Going through all those perks, picking a Pvt. Ltd. structure definitely sounds like a safe bet. But, it does come with its disadvantages. So what are the pointers that put this structure below Proprietorship and partnership? Let’s give it a closer look.
- Shutting a business down
Starting with the worst idea – What if the company doesn’t work and I wish to quit? Being unregistered, partnerships can easily be dissolved; proprietorship can easily be disowned. You can wake up the next day, and have no business to worry about. But that’s not the case with a Pvt. Ltd. company.
Been registered under Ministry of Corporate Affairs, your company cannot be closed unless a proper procedure is pursued.
- Compliance Issues
While going for a Pvt. Ltd. structure, your company is undertaken by certain regulatory bodies of the govt. This implies that there are rules and regulations that apply to your company, and that your company should abide by them. The rules include proper tax payments, compliance costs and other legal requirements.
Since yours is a government registered company now, it’s your responsibility, as the owner, to be wary of the regulations that you fall under, and abide by them. ‘Not knowing’ cannot be used as an excuse against compliance issues.
- Terms of Understanding among Co-Founders:
Remember that tissue-paper agreement you four friends earlier agreed upon? Pvt. Ltd. terms do not associate those co-owners’ division of ownership with respect to their contribution in the company. It’s important for the partners to properly decree a Co-Founder Agreement, setting all the terms and conditions stating the input assets for each partner, and avoid any loopholes.
So in case a founder decides to leave the company, it requires an intricate set of words and legal documents to make sure that it doesn’t leave your company empty-handed.
LIMITED LIABILITY PARTNERSHIP (LLP)
LLPs function very close to a Pvt. Ltd. structure, with a fundamental difference between them. LLP is a structure that is more preferred for the companies that provide service in the field of multi-disciplinary consultation – for example, Law firms, Chartered Accountants etc.
While in Pvt. Ltd., all the owners share the liabilities; in an LLP, the liabilities are restrained to the discipline that is held liable, leaving the rest of the owners at bay. Although, unlike proprietorships and partnerships, your companies are subjected to a ‘Limited Liability’, if registered under Pvt. Ltd. or LLP structure – limiting your losses to just the initial investments.

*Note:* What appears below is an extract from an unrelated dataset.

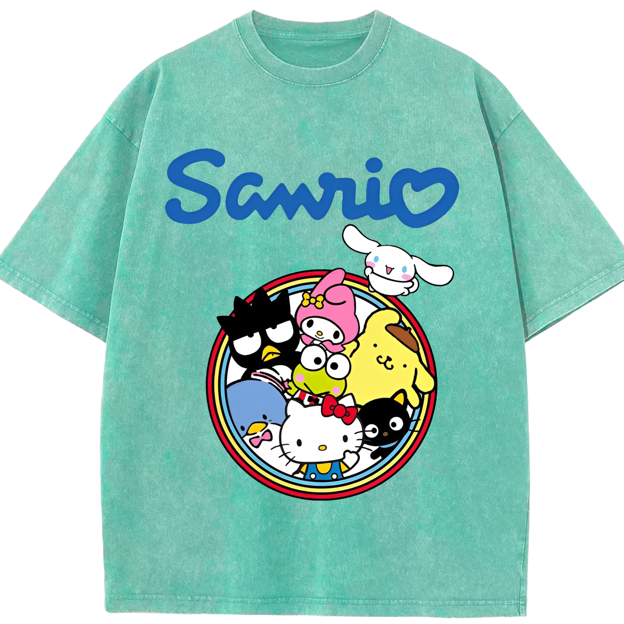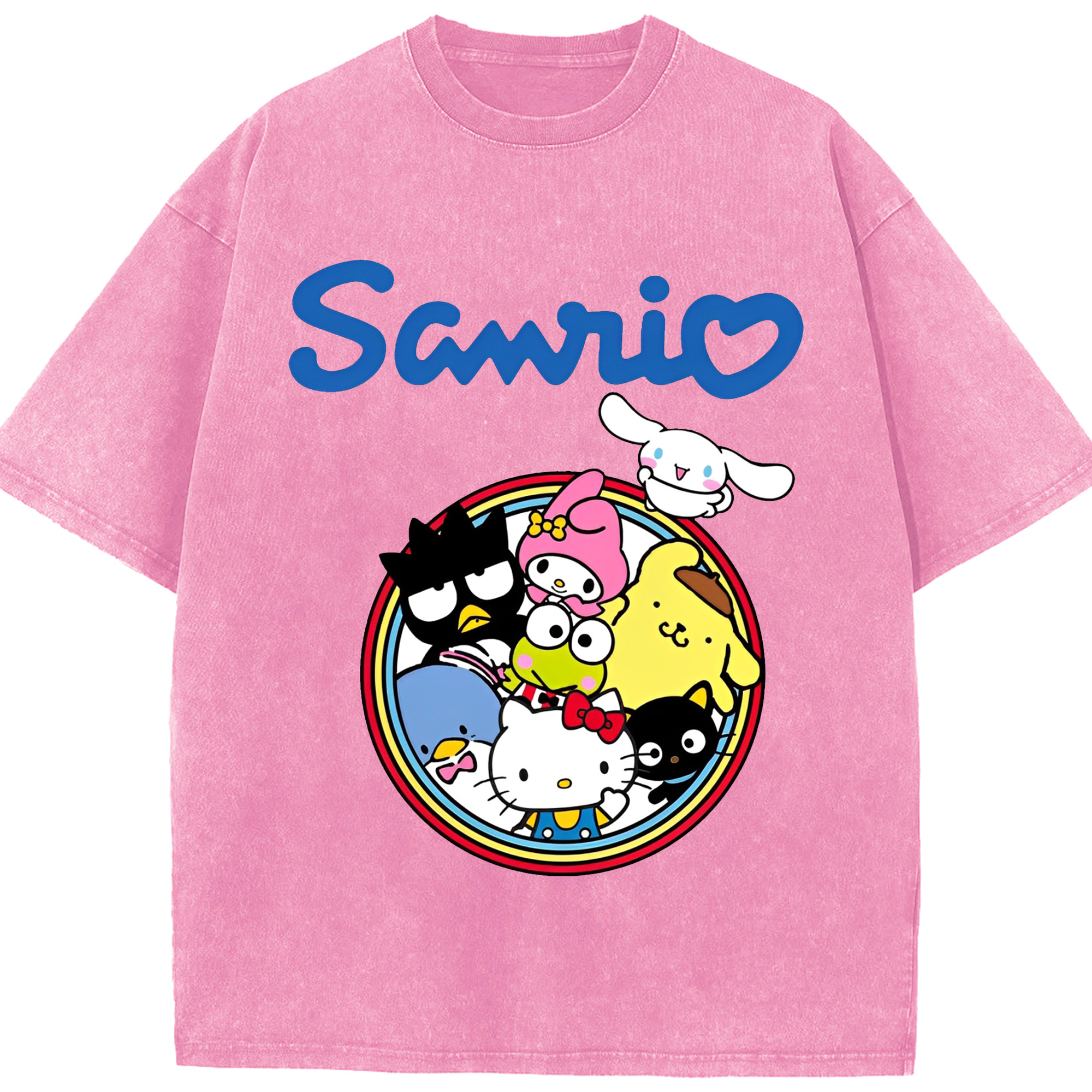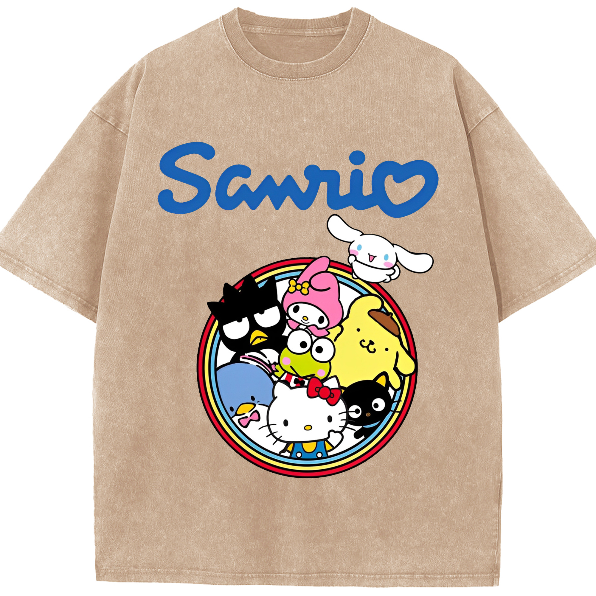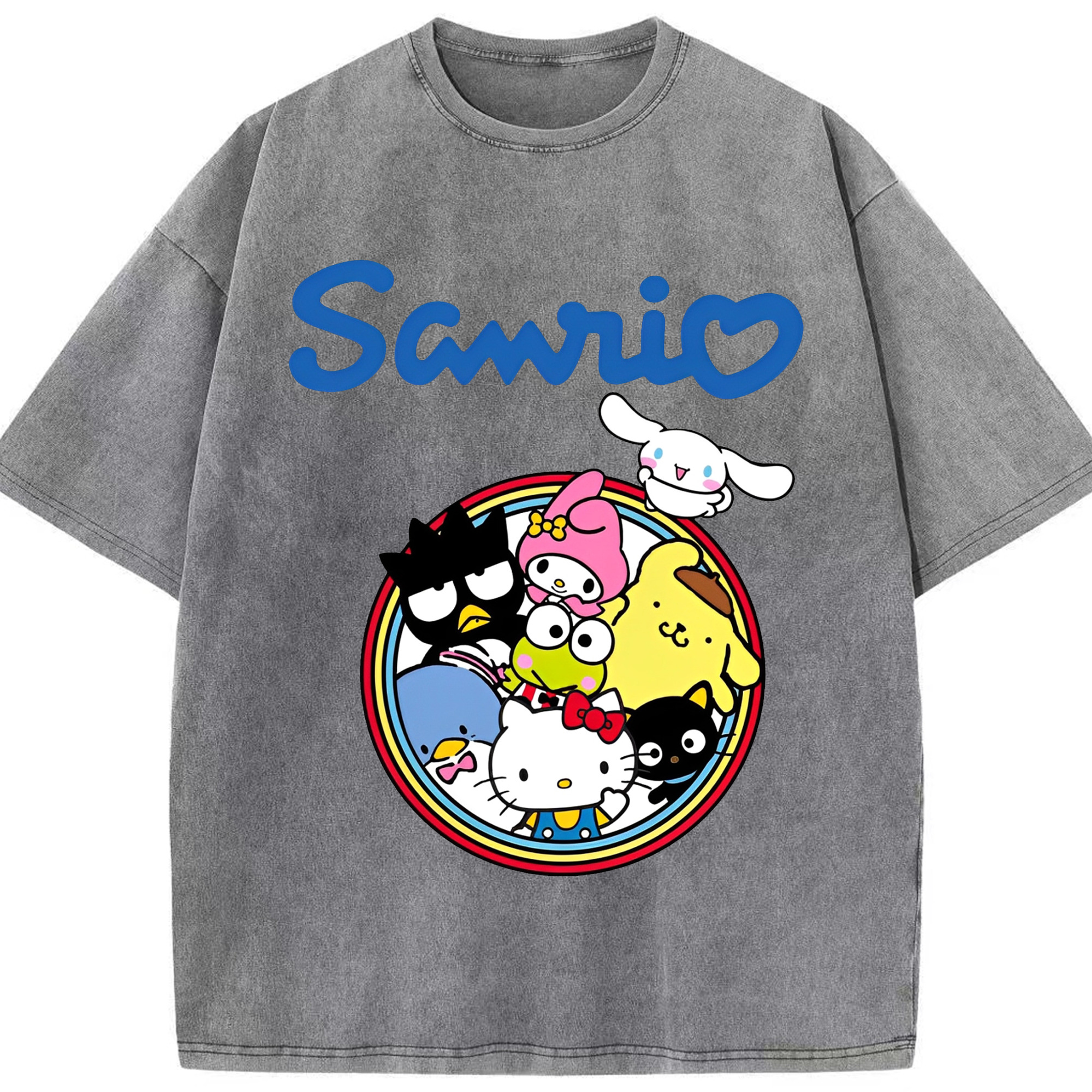 スタイリッシュでクール!サンリオファミリー - 綿100% ヴィンテージ風 半袖Tシャツ ・ フロントプリント ・ 柔らか肌触り ・ 通気性 快適 ・ スポーツ カジュアル 外出用

This is also important, that while the proprietorship and partnership based companies, require no audits, LLPs and Pvt. Ltd. are liable to CA audits.
ONE-PERSON COMPANY (OPC)
An OPC structure is ideal if you prefer to start a company on your own. The number of people required is just one. And as you develop, and plan to expand the structure to better forms, the conversion is very easy.
Once you have decided out of these business structures, you will have all of the most important bases to begin your own business. Keep in mind that just the right form is not the mantra of success for a business. But use the plan you’ve created to consistently work on your business to be able to fall in that 5 % of a successful start-up.
KEY THINGS TO REMEMBER:
- Be aware of the compliances and legal regulations that apply to your company.
- Be Careful about your CIBIL score. Maintaining a proper score allows you to get bank loans very conveniently, which would be rather difficult with a negative CIBIL score.
- Go through all the documents that are being submitted to the govt. by yourself, even if your CA is personally taking care of it. The information must be verified because changing it at a later stage would be a throb.